[EXERCISE PROMPT] What are the lines below, starting at the line containing "об'єктів, є нонсенсом." and ending at the line containing "детей с ОВЗ"? Write them out exactly, ends included, without pictures.

[MATERIAL FOR THIS EXERCISE]
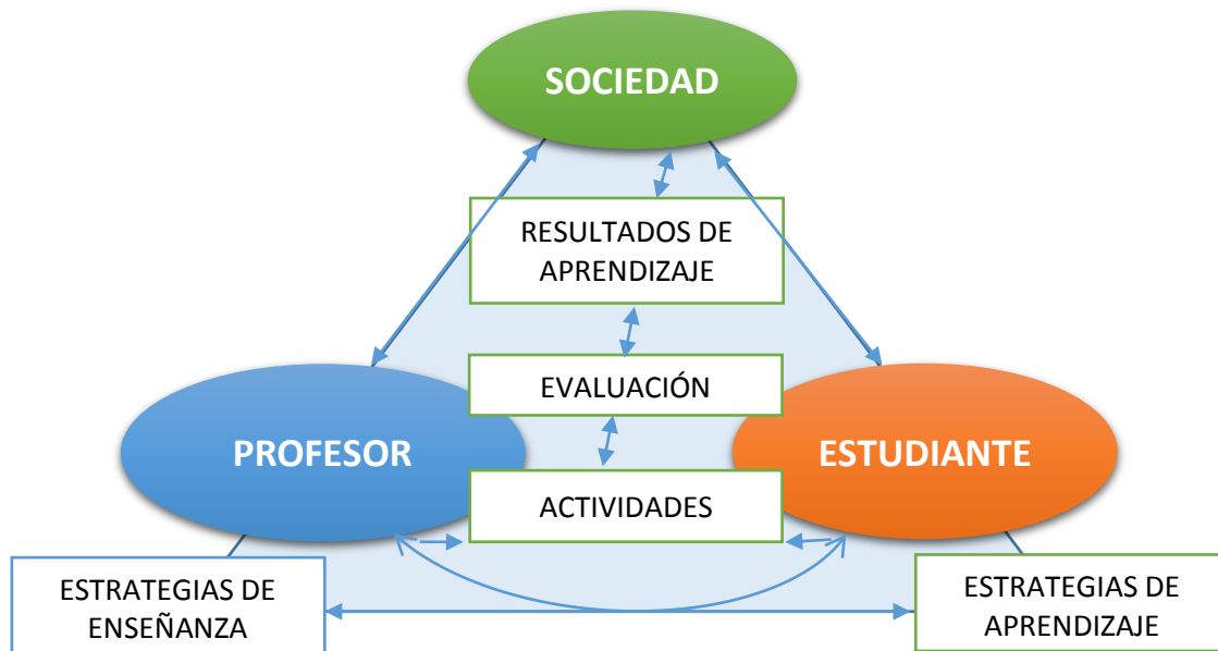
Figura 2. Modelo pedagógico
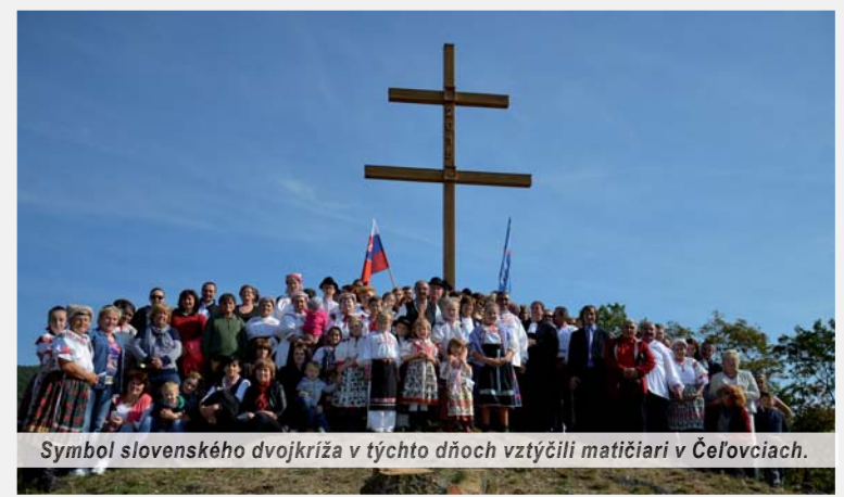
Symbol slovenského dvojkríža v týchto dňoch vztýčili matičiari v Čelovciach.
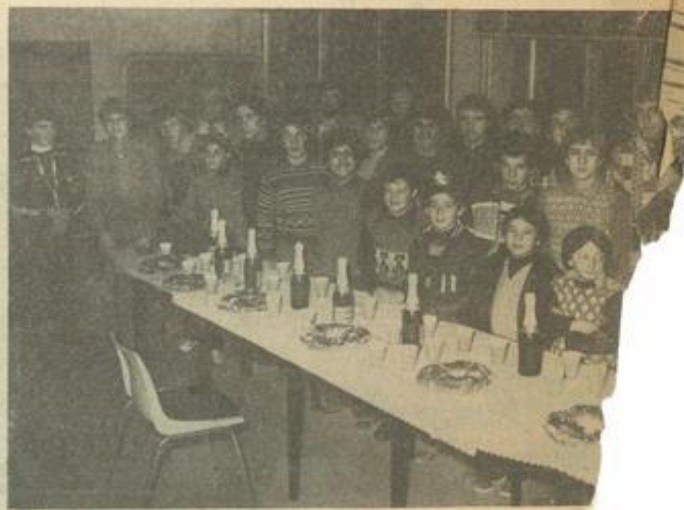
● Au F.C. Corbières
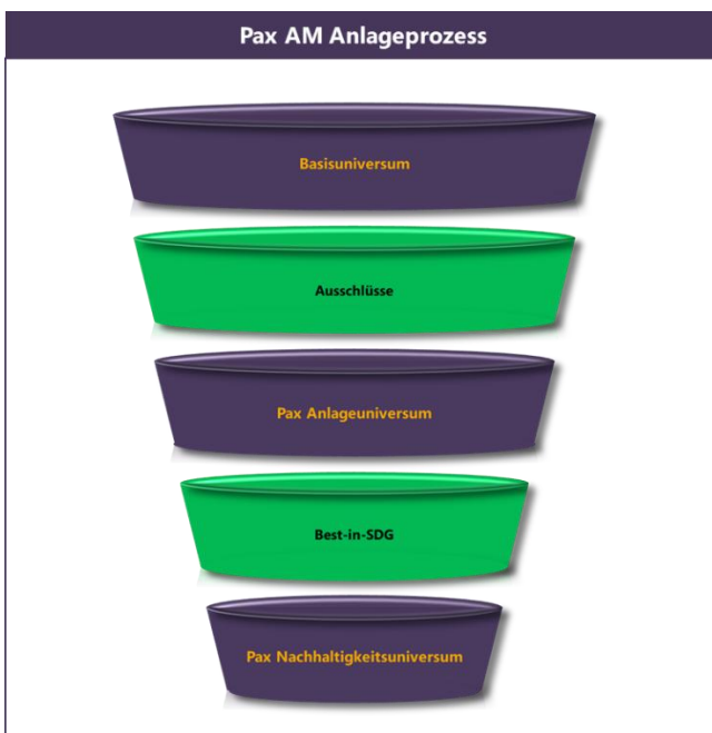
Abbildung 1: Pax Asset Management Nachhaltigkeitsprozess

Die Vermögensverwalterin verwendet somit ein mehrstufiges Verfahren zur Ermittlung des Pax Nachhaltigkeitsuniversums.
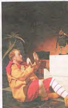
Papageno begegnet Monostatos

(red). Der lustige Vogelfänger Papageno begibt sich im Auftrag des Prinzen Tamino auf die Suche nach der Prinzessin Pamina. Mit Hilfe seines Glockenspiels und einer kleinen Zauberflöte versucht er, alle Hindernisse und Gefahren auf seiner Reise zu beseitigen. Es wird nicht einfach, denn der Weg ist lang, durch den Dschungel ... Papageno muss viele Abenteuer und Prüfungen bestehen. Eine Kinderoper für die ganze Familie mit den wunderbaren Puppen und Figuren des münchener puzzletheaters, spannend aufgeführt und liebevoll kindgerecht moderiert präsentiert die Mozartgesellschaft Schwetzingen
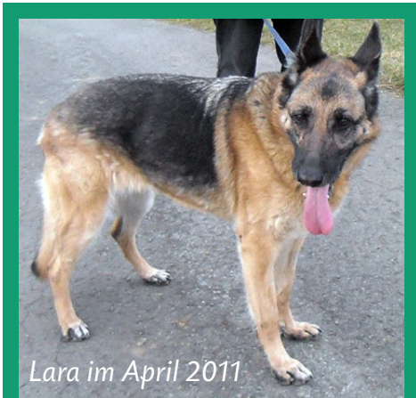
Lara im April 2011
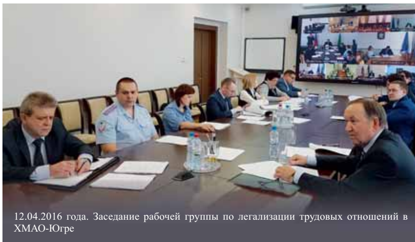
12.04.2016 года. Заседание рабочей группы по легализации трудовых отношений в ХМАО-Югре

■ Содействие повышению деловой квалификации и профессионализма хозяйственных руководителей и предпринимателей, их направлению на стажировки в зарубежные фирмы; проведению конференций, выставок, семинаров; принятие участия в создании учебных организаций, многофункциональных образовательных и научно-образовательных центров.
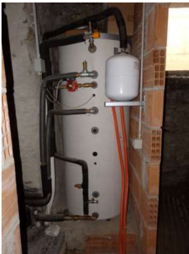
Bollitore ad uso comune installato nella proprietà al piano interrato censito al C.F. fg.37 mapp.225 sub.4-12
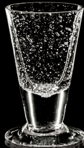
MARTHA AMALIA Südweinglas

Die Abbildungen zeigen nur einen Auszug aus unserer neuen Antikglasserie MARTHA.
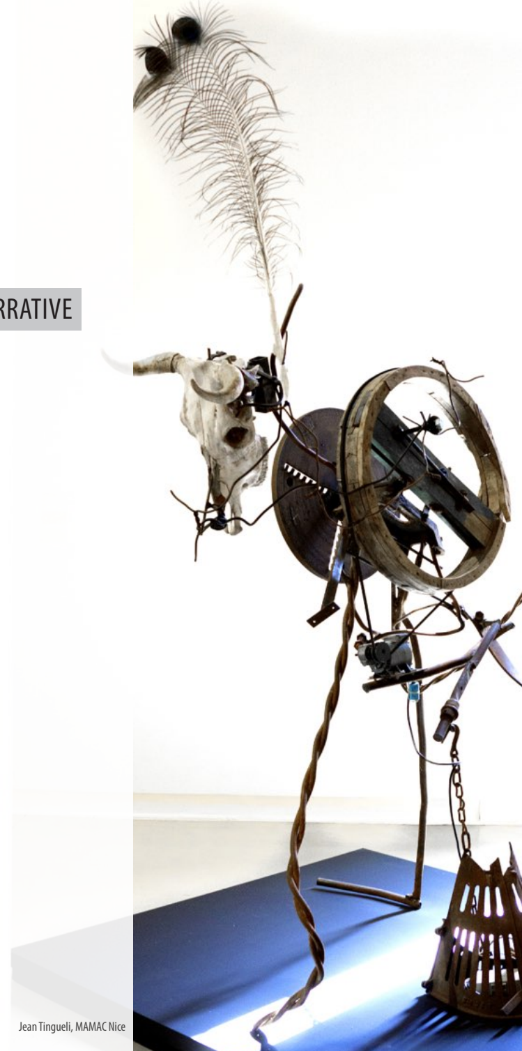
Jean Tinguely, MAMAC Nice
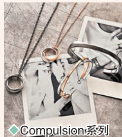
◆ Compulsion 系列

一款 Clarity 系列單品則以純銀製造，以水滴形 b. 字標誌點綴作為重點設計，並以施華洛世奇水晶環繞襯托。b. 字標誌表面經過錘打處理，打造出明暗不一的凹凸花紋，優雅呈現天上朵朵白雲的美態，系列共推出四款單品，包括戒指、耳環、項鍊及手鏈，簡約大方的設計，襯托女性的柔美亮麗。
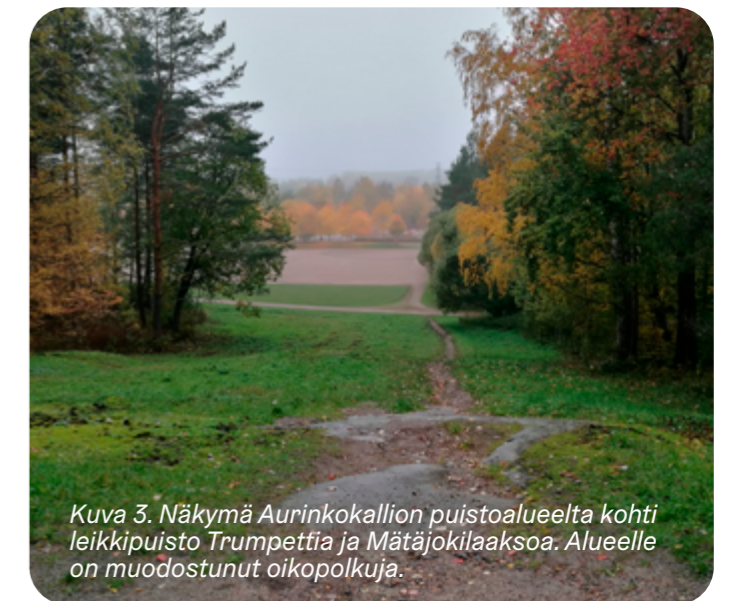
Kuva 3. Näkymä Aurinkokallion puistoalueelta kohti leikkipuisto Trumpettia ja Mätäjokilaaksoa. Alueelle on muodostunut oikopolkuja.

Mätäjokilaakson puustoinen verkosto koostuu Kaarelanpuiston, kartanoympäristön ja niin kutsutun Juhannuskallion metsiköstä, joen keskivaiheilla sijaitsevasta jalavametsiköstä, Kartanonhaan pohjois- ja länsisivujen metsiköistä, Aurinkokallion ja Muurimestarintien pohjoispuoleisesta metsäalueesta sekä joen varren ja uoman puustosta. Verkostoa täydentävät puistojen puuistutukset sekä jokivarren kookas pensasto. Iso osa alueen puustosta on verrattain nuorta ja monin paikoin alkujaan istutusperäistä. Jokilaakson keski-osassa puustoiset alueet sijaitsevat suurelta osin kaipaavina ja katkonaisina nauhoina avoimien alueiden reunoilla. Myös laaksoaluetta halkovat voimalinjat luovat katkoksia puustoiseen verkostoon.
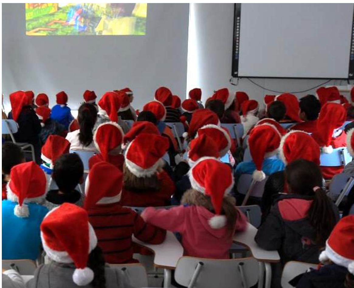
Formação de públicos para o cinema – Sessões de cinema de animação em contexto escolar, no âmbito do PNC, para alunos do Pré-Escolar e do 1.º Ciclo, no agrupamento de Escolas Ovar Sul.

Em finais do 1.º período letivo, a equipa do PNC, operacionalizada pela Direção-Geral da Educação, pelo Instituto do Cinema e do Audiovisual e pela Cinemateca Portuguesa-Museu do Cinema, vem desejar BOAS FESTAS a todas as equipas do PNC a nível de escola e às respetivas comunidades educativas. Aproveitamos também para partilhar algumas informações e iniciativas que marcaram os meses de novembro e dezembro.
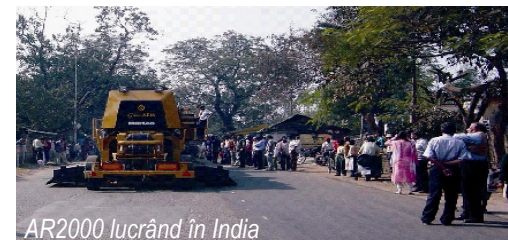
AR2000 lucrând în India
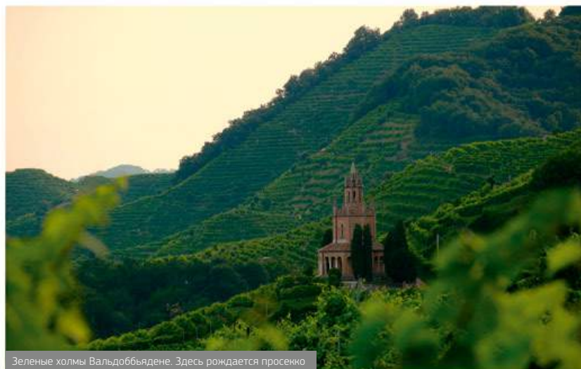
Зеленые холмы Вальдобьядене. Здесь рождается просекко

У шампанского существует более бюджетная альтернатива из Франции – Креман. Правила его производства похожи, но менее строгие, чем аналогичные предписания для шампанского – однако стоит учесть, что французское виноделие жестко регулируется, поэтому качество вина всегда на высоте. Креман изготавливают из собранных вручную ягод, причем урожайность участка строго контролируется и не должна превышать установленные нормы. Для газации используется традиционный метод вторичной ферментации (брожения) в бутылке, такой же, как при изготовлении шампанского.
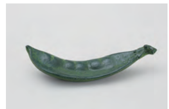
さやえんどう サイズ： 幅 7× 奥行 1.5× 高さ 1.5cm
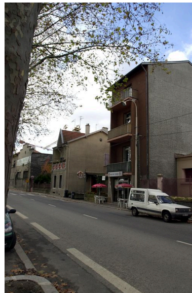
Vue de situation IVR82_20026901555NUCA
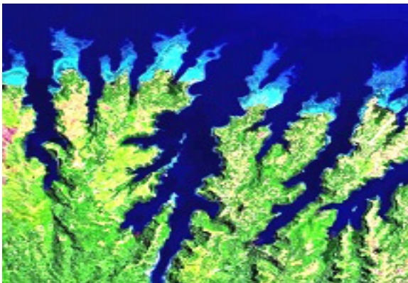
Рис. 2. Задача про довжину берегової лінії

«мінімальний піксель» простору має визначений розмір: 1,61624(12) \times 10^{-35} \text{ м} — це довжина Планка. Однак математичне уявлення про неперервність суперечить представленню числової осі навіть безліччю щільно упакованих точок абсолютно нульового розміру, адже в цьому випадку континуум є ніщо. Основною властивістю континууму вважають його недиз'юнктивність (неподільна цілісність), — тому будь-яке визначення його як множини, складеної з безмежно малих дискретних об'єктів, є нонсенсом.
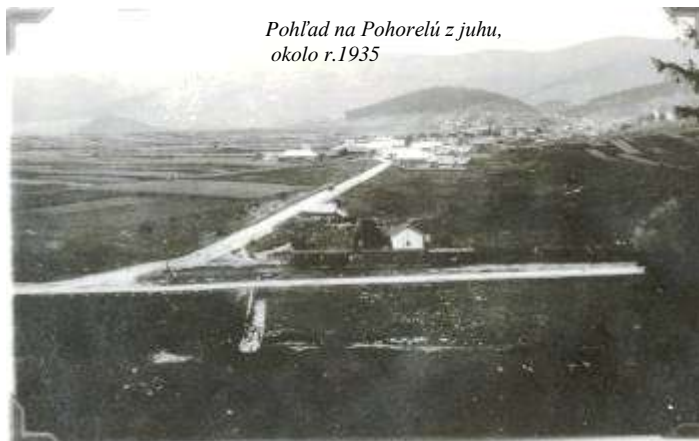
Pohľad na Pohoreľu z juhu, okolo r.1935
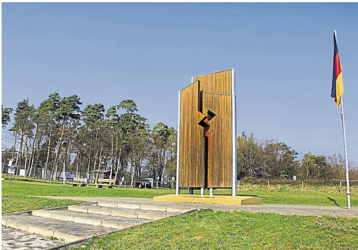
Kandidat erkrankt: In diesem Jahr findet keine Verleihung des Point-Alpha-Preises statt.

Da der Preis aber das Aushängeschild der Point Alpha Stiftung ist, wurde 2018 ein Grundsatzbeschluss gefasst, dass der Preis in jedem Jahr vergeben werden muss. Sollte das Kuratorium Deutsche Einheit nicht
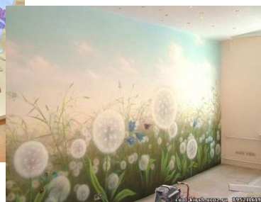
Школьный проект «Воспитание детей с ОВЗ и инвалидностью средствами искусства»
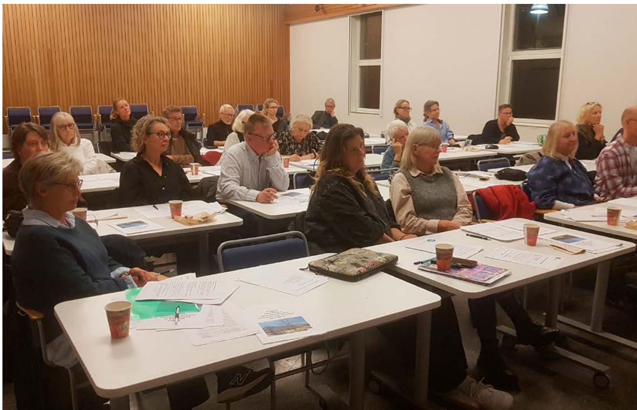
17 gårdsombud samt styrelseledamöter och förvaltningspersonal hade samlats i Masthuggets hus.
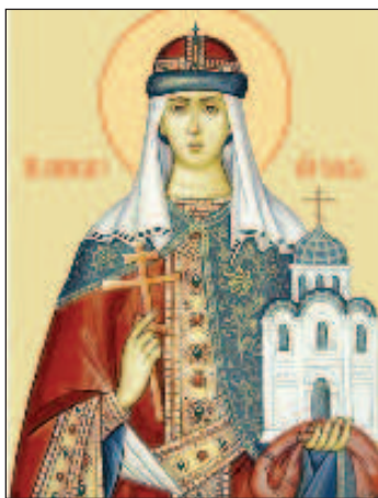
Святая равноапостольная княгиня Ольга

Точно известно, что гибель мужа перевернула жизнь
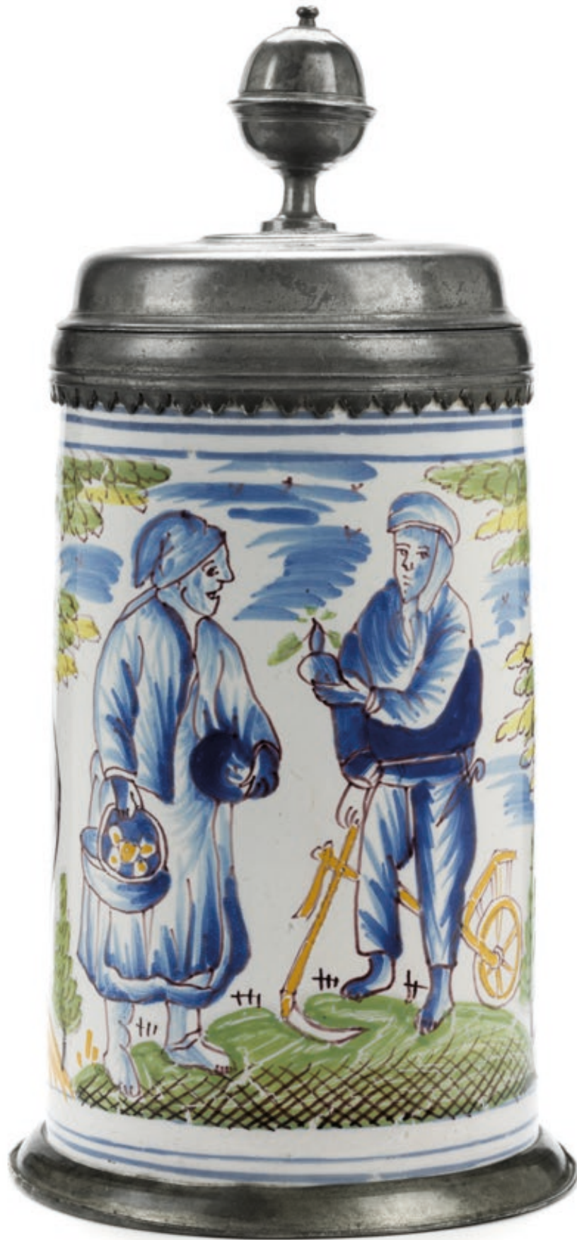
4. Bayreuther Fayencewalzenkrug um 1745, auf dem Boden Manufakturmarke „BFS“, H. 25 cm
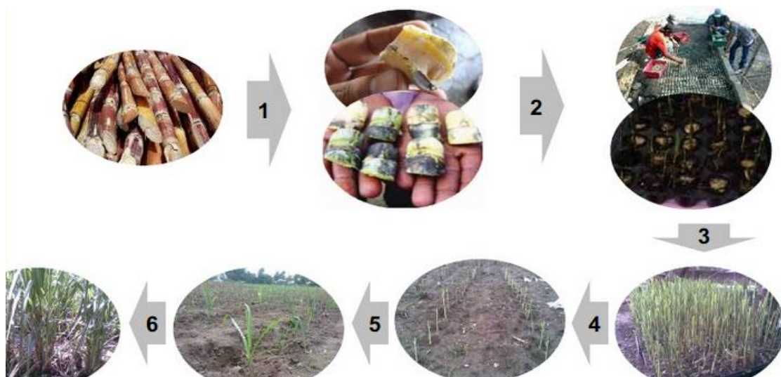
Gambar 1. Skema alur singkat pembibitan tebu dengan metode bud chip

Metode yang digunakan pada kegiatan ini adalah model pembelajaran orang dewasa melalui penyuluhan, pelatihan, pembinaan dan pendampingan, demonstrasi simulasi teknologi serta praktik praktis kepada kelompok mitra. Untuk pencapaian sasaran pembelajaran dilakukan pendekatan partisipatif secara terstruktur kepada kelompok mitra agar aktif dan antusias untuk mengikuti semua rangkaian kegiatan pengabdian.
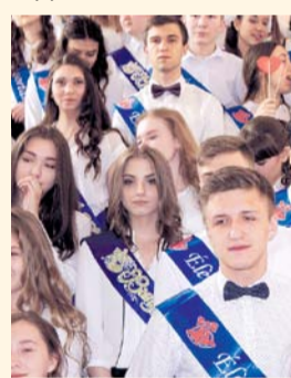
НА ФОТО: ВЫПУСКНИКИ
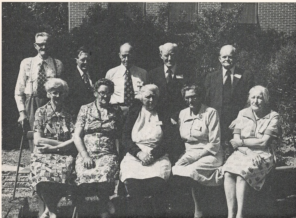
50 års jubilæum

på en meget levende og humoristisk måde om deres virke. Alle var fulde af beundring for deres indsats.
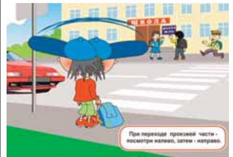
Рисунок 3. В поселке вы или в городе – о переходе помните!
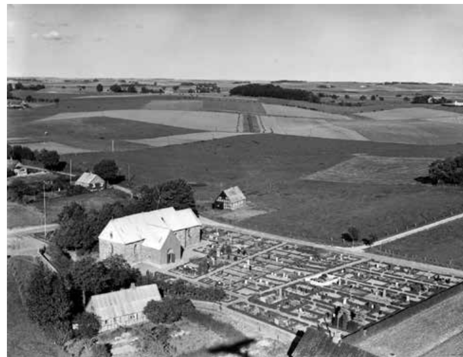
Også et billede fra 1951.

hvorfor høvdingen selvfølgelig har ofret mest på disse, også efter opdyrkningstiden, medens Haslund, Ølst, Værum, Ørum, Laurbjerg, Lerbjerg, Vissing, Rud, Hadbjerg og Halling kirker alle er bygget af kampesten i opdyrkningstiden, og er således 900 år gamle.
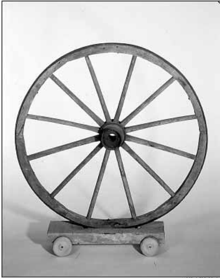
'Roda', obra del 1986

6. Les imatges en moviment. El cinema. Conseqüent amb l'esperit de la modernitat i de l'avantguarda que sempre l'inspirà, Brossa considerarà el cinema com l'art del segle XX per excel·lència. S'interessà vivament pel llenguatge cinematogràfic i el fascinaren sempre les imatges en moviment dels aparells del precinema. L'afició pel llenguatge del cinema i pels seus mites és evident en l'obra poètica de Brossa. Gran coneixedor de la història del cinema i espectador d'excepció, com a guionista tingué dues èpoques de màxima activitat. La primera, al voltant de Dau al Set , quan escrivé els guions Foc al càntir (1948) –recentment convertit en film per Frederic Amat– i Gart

[ANSWER BELOW]
«мінімальний піксель» простору має визначений розмір: 1,61624(12) \times 10^{-35} \text{ м} — це довжина Планка. Однак математичне уявлення про неперервність суперечить представленню числової осі навіть безліччю щільно упакованих точок абсолютно нульового розміру, адже в цьому випадку континуум є ніщо. Основною властивістю континууму вважають його недиз'юнктивність (неподільна цілісність), — тому будь-яке визначення його як множини, складеної з безмежно малих дискретних об'єктів, є нонсенсом.
Pohľad na Pohoreľu z juhu, okolo r.1935
Kandidat erkrankt: In diesem Jahr findet keine Verleihung des Point-Alpha-Preises statt.

Da der Preis aber das Aushängeschild der Point Alpha Stiftung ist, wurde 2018 ein Grundsatzbeschluss gefasst, dass der Preis in jedem Jahr vergeben werden muss. Sollte das Kuratorium Deutsche Einheit nicht
Школьный проект «Воспитание детей с ОВЗ и инвалидностью средствами искусства»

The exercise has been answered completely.